Sulentic & Tifft (1973)

(Sulentic and Tifft 1973) notes that this is a diffuse nebula.

Photo index

by Jim Lucyk: Astronomy mag. 6/88 p6-7.

Modern observations

Brian Skiff

NGC 3579 & NGC 3581 & NGC 3582 & NGC 3584 & NGC 3586

QBS: one lg mess. 15cm descr correct as far as it goes. a seventh patch is ~5' W of m9 * nr -81/82, surrounds m11 *.
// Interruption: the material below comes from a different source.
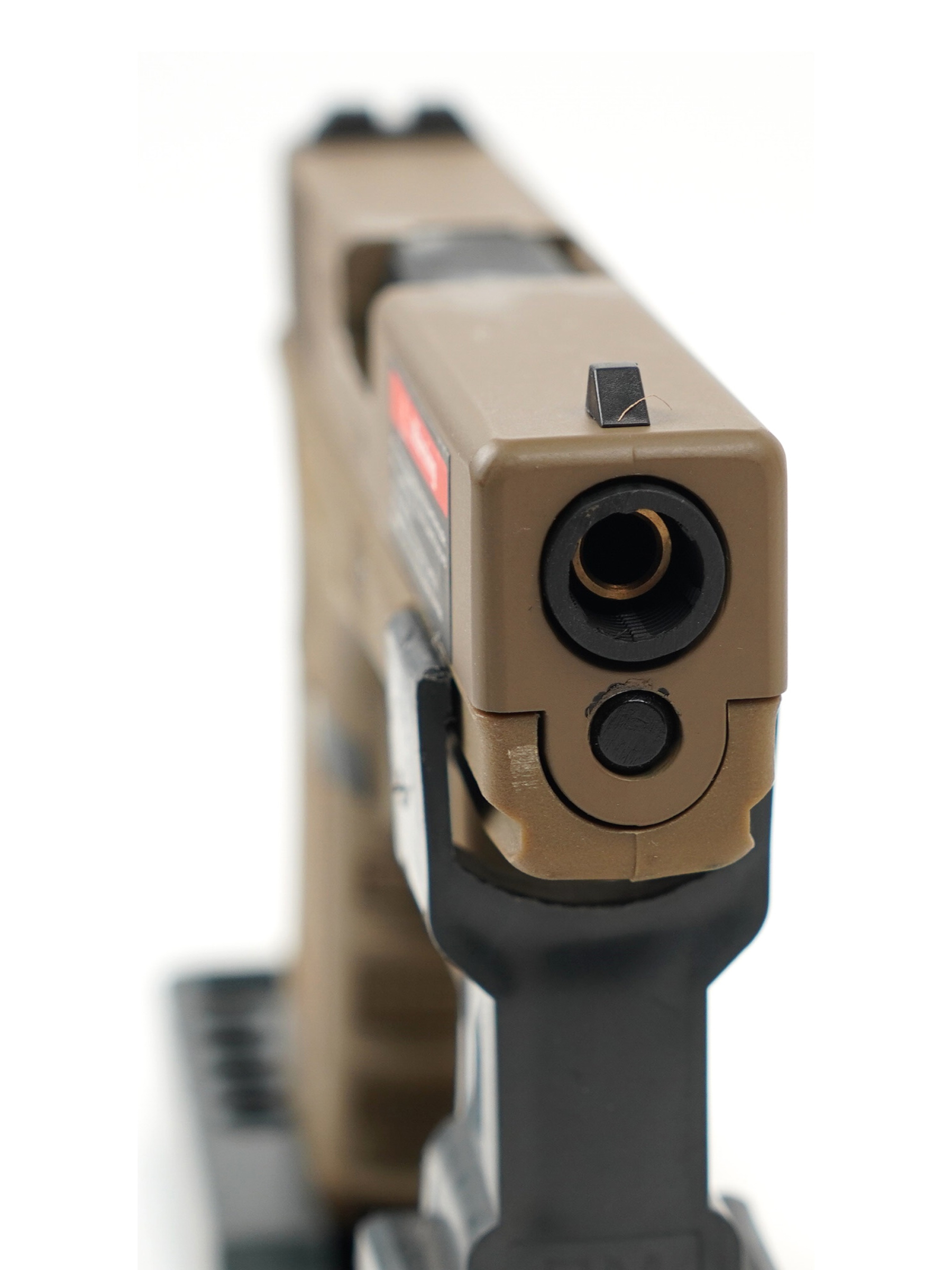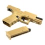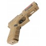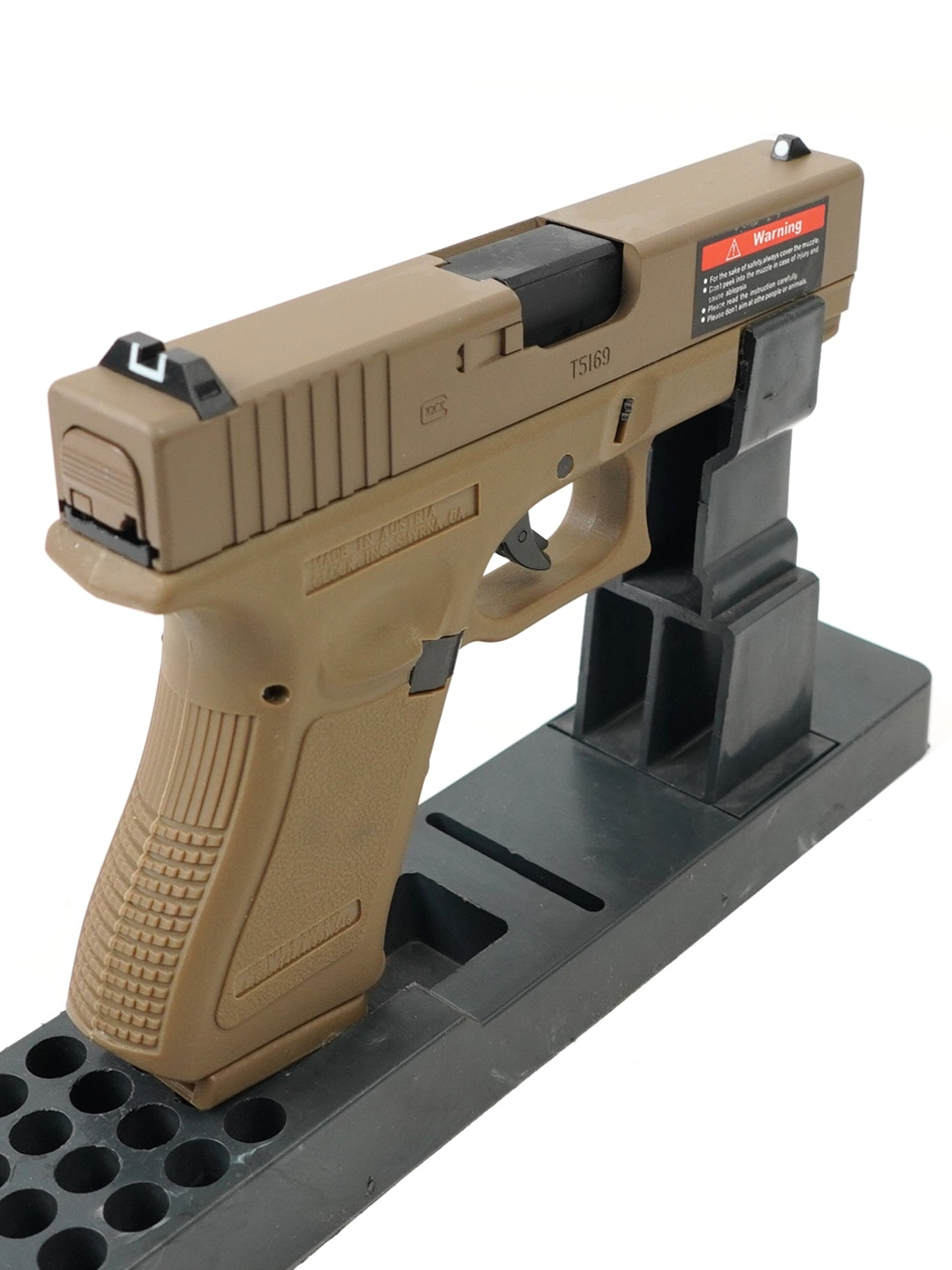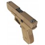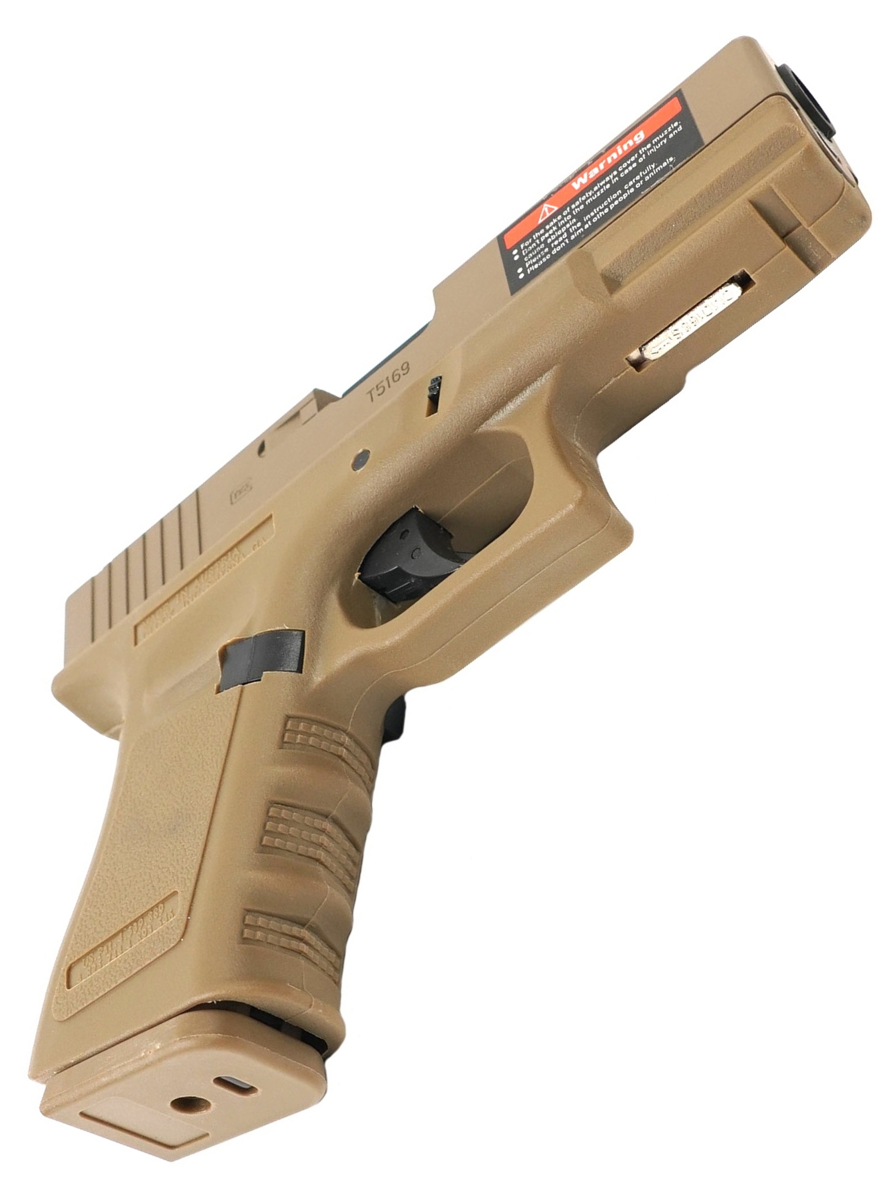 Корпус пистолета выполнен из прочного ABS-пластика, обеспечивающего надежность и долговечность. Органы управления выполнены из металла, придавая пистолету ощущение прочности и надежности. Вы сможете почувствовать каждое нажатие на затворную задержку и кнопку сброса магазина, воссоздавая реалистичный опыт использования боевого аналога.

15cm - a grp of five more-or-less distinct emission nebs, much enhanced by[OIII], less so by UHC. brtst patch lies immed W of m10 * (-81). it fans N from m12.5 * w/two vf comps. dims out before reaching -82 NNE, which is circ spot immed E of m12 *. these two are 3'x2', elong NNE-SSW. -79 & -84 lie to N sep by narrow dk lane btwn them and -81/82 running ENE-WSW. -79 is fntr, circ. -84 has a ray extending N. SE of -81/82 is -86, past a m12 *. due S of -81/82 is wk patch elong N-S w/o an NGC number. SW, nr a m12 *, is a vsm circ spot, -76. BS, 22Feb1990, LCO.